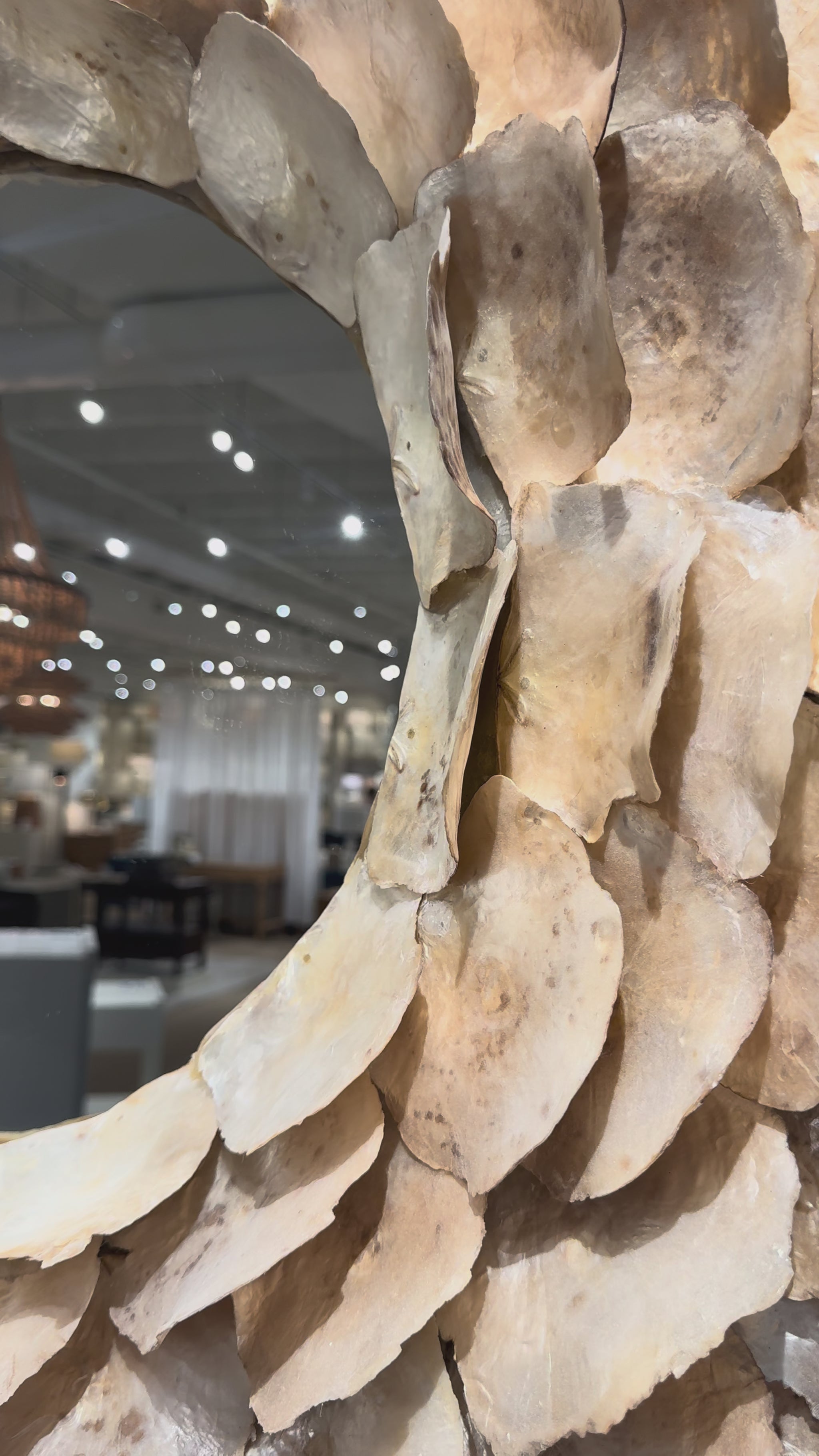 The Venus Mirror in Frost Saddle Oyster Shell from Made Goods features small shells at the mirror's edge that gets larger, up to 12 inches, as they radiate out from the mirror's center. The Venus is feminine, organic, modern, and dramatic. The layers of organic shells give the mirror an approximate 6" depth.
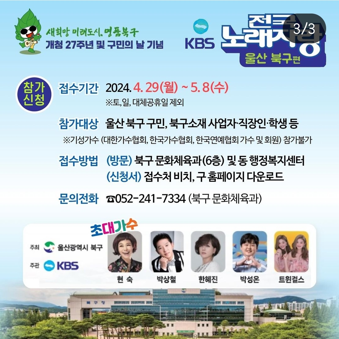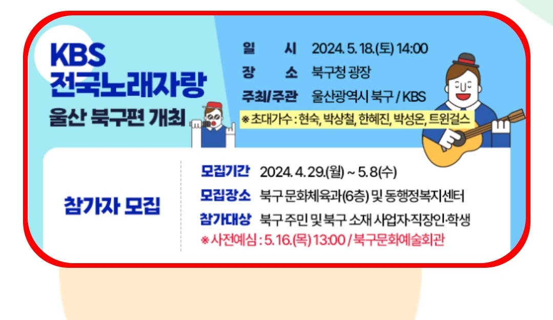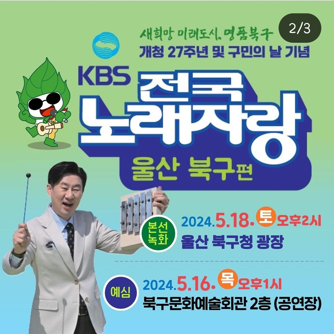 제가 사는 곳이랑 가까운 울산 북구에서 전국노래자랑이 개최된다고 하니
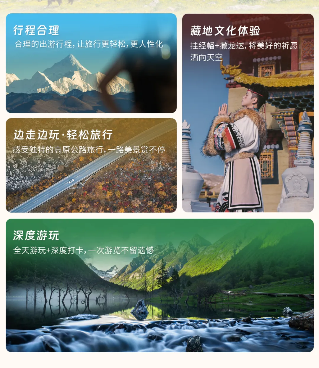 3、全程住宿:6晚標(biāo)準(zhǔn)間(具體以選擇的套餐為準(zhǔn))(含贈(zèng)送一晚成都集合酒店住宿,不用不退亦不做交換;訂單無特別說明默認(rèn)標(biāo)間,沿途大床房較少,以預(yù)定時(shí)間優(yōu)先安排;若單人出行則盡量協(xié)調(diào)拼房,若拼房不成功則補(bǔ)房差費(fèi)用);
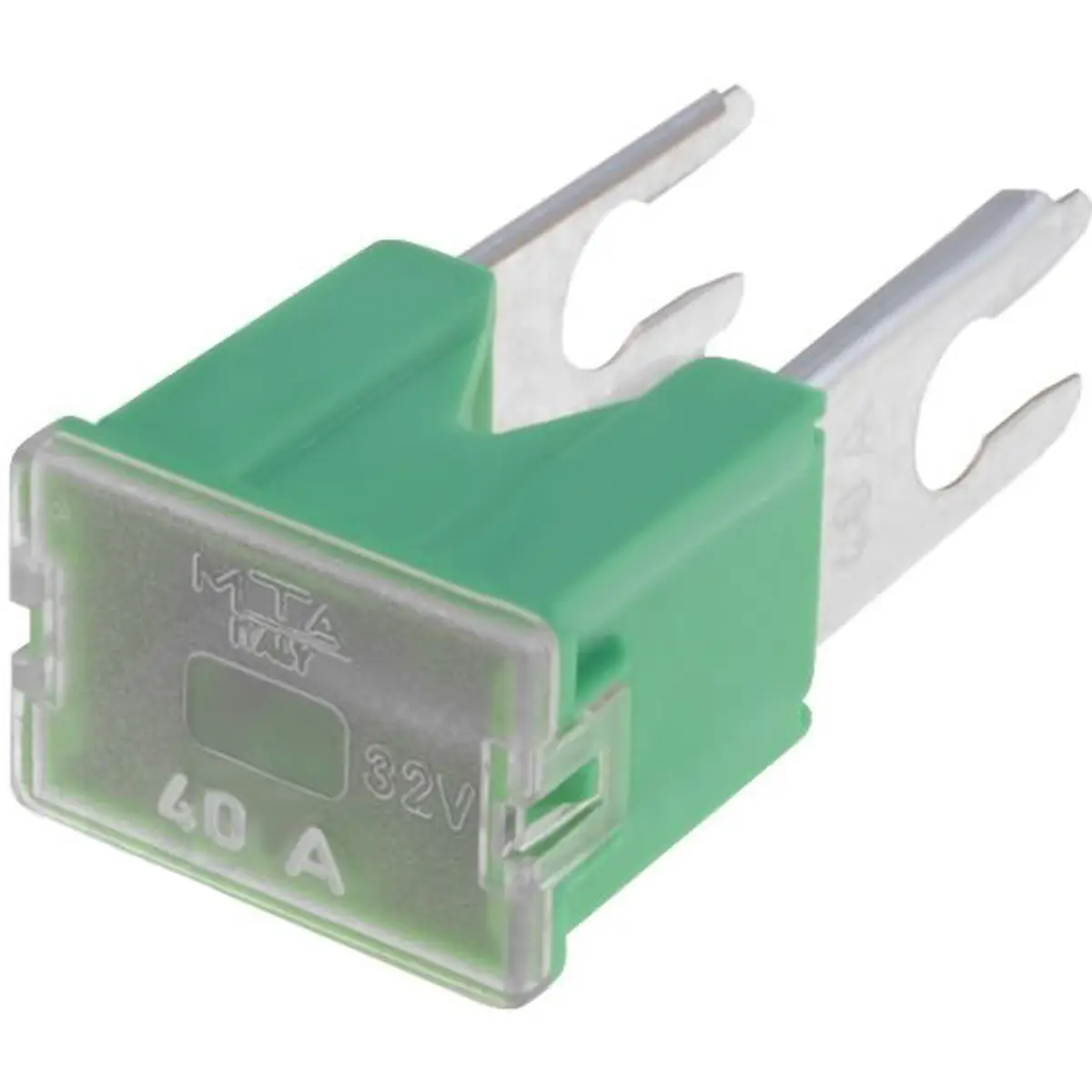 Fusível automotivo de baixa tensão com corrente nominal de 40A e tensão máxima de 32V, do tipo U e de cor verde, fabricado pela MTA, série JAPVAL. Destina-se à proteção de circuitos elétricos automotivos, oferecendo desconexão quando a corrente excede o valor nominal para evitar danos. Ideal para sistemas elétricos de baixa tensão em veículos, proporcionando fiabilidade e segurança na proteção elétrica automotiva.

•••

*EXERCISE REQUIREMENTS*. From the first line above through the line containing "3、全程住宿:6晚標(biā", copy everything exactly, without the pictures.

*RESULT OF THIS TASK*.
 The Venus Mirror in Frost Saddle Oyster Shell from Made Goods features small shells at the mirror's edge that gets larger, up to 12 inches, as they radiate out from the mirror's center. The Venus is feminine, organic, modern, and dramatic. The layers of organic shells give the mirror an approximate 6" depth.
 제가 사는 곳이랑 가까운 울산 북구에서 전국노래자랑이 개최된다고 하니
 3、全程住宿:6晚標(biāo)準(zhǔn)間(具體以選擇的套餐為準(zhǔn))(含贈(zèng)送一晚成都集合酒店住宿,不用不退亦不做交換;訂單無特別說明默認(rèn)標(biāo)間,沿途大床房較少,以預(yù)定時(shí)間優(yōu)先安排;若單人出行則盡量協(xié)調(diào)拼房,若拼房不成功則補(bǔ)房差費(fèi)用);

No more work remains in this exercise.